§ Problem
In your copy of the entries below, keep every word exactly and leave out all images.

§ Supplied data
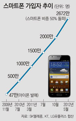 14일 SK텔레콤과 KT, LG유플러스에 따르면 11일 기준으로 국내 휴대전화 가입자는 5255만 명이며, 이 가운데 50.8%인 2672만 명이 스마트폰 가입자인 것으로 집계됐다. 이는 2009년 11월 애플의 ‘아이폰’이 국내에서 팔리기 시작하면서 스마트폰 열풍이 불기 시작한 지 약 2년 반 만의 일이다.
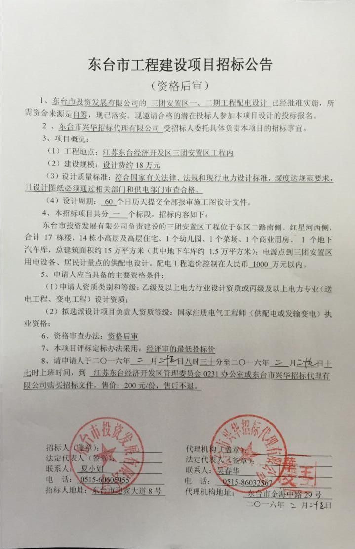 文章来源:东台市兴华招标代理有限公司 添加时间:2016/2/25 15:37:01 点击率:1975
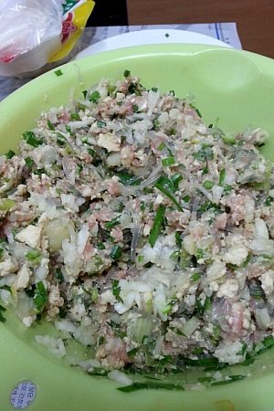 고기랑 당면, 양파랑, 부추 열심히 다져서 넣고
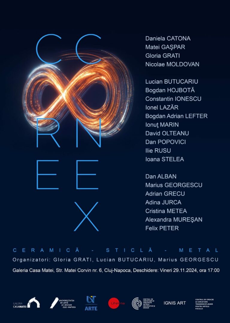 Vernisajul expoziției CORE-CONEX a avut loc în 29 noiembrie 2024, în Galeria Casa Matei din Cluj-Napoca organizat de Departamentul Ceramică-Sticlă-Metal al Universității de Artă și Design din Cluj-Napoca în parteneriat cu Specializarea Ceramică-Arte Decorative a Facultății de Arte și Design din cadrul Universității de Vest Timișoara și cu Departamentul Ceramică – Sticlă – Metal al Universității Naționale de Artă București. Creațiile personale ale cadrelor didactice din cele trei centre universitare de artă, au alcătuit o expoziție unitară, astfel au expus următorii artiști precum:
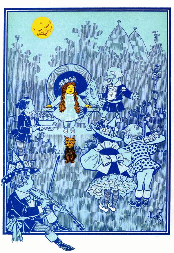 Towards evening, when Dorothy was tired with her long walk and began to wonder where she should pass the night, she came to a house rather larger than the rest. On the green lawn before it many men and women were dancing. Five little fiddlers played as loudly as possible and the people were laughing and singing, while a big table near by was loaded with delicious fruits and nuts, pies and cakes, and many other good things to eat.
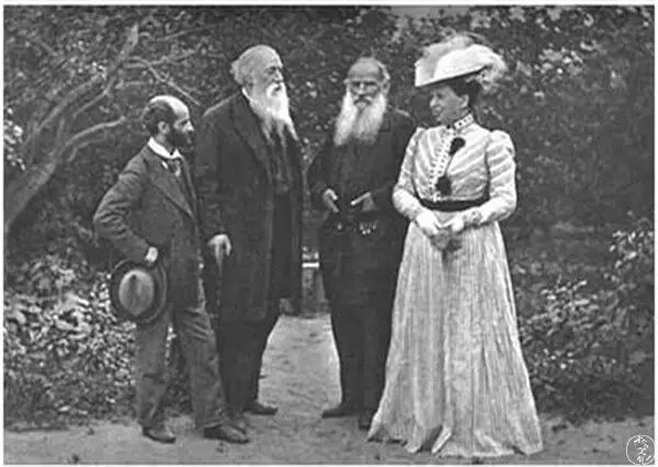 托斯泰夫妻与V. V. Stasov及雕塑家I. Ya. Gintzburg,
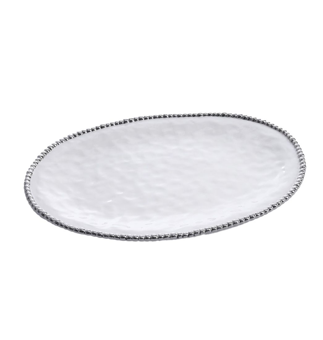 Este plato o bandeja ovalada para servir de la colección Salerno de Oven To Table, esta diseñada para ofrecer una presentación elegante y versátil en cualquier mesa. Fabricado en porcelana de alta cocción con acabado blanco y cuentas plateadas de titanio, esta pieza combina la estética de los muebles metálicos refinados con la practicidad de la cerámica duradera.
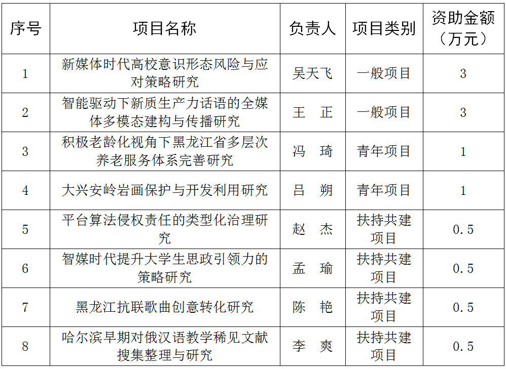 通知公告 首页 - 通知公告 - 正文 我校获批2025年度黑龙江省哲学社会科学研究规划项目8项 浏览量:时间:2025-11-10 2025年度黑龙江省哲学社会科学研究规划项目评选结果近日揭晓,我校共获批立项8项。其中,一般项目2项、青年项目2项、扶持共建项目4项。近年来,学校坚持正确的政治方向、价值取向和学术导向,培育壮大哲学社会科学人才队伍,积极为哲学社会科学研究工作提供必要保障,高度重视哲学社会科学研究项目的申报工作,持续跟踪监督项目全过程的开展,提高研究质量和社会服务能力。今后,学校将继续以项目为依托,力争产出更多高水平科研成果。2025年度黑龙江省哲学社会科学研究规划项目一览表科技处11月10日
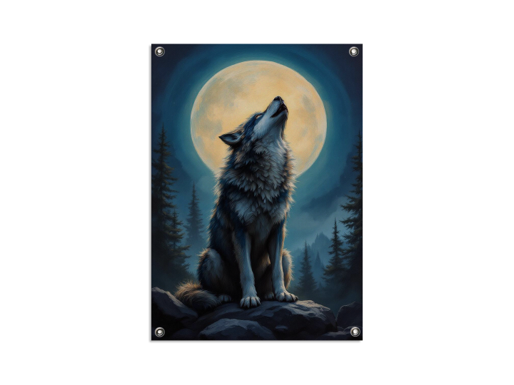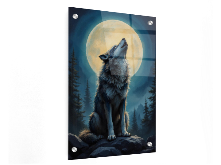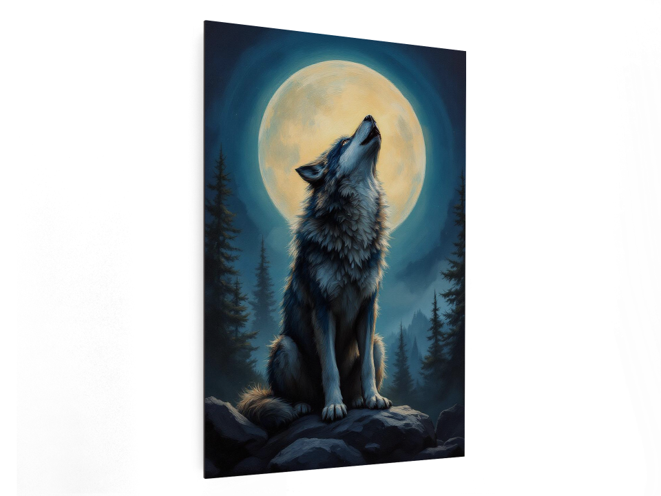 Een episch, levendig en dynamisch olieverfschilderij van een wolf, met een volle maan op de achtergrond, geschilderd met dikke, gelaagde impasto-verf.

§ Worked solution
 14일 SK텔레콤과 KT, LG유플러스에 따르면 11일 기준으로 국내 휴대전화 가입자는 5255만 명이며, 이 가운데 50.8%인 2672만 명이 스마트폰 가입자인 것으로 집계됐다. 이는 2009년 11월 애플의 ‘아이폰’이 국내에서 팔리기 시작하면서 스마트폰 열풍이 불기 시작한 지 약 2년 반 만의 일이다.
 文章来源:东台市兴华招标代理有限公司 添加时间:2016/2/25 15:37:01 点击率:1975
 고기랑 당면, 양파랑, 부추 열심히 다져서 넣고
 Vernisajul expoziției CORE-CONEX a avut loc în 29 noiembrie 2024, în Galeria Casa Matei din Cluj-Napoca organizat de Departamentul Ceramică-Sticlă-Metal al Universității de Artă și Design din Cluj-Napoca în parteneriat cu Specializarea Ceramică-Arte Decorative a Facultății de Arte și Design din cadrul Universității de Vest Timișoara și cu Departamentul Ceramică – Sticlă – Metal al Universității Naționale de Artă București. Creațiile personale ale cadrelor didactice din cele trei centre universitare de artă, au alcătuit o expoziție unitară, astfel au expus următorii artiști precum:
 Towards evening, when Dorothy was tired with her long walk and began to wonder where she should pass the night, she came to a house rather larger than the rest. On the green lawn before it many men and women were dancing. Five little fiddlers played as loudly as possible and the people were laughing and singing, while a big table near by was loaded with delicious fruits and nuts, pies and cakes, and many other good things to eat.
 托斯泰夫妻与V. V. Stasov及雕塑家I. Ya. Gintzburg,
 Este plato o bandeja ovalada para servir de la colección Salerno de Oven To Table, esta diseñada para ofrecer una presentación elegante y versátil en cualquier mesa. Fabricado en porcelana de alta cocción con acabado blanco y cuentas plateadas de titanio, esta pieza combina la estética de los muebles metálicos refinados con la practicidad de la cerámica duradera.
 通知公告 首页 - 通知公告 - 正文 我校获批2025年度黑龙江省哲学社会科学研究规划项目8项 浏览量:时间:2025-11-10 2025年度黑龙江省哲学社会科学研究规划项目评选结果近日揭晓,我校共获批立项8项。其中,一般项目2项、青年项目2项、扶持共建项目4项。近年来,学校坚持正确的政治方向、价值取向和学术导向,培育壮大哲学社会科学人才队伍,积极为哲学社会科学研究工作提供必要保障,高度重视哲学社会科学研究项目的申报工作,持续跟踪监督项目全过程的开展,提高研究质量和社会服务能力。今后,学校将继续以项目为依托,力争产出更多高水平科研成果。2025年度黑龙江省哲学社会科学研究规划项目一览表科技处11月10日
 Een episch, levendig en dynamisch olieverfschilderij van een wolf, met een volle maan op de achtergrond, geschilderd met dikke, gelaagde impasto-verf.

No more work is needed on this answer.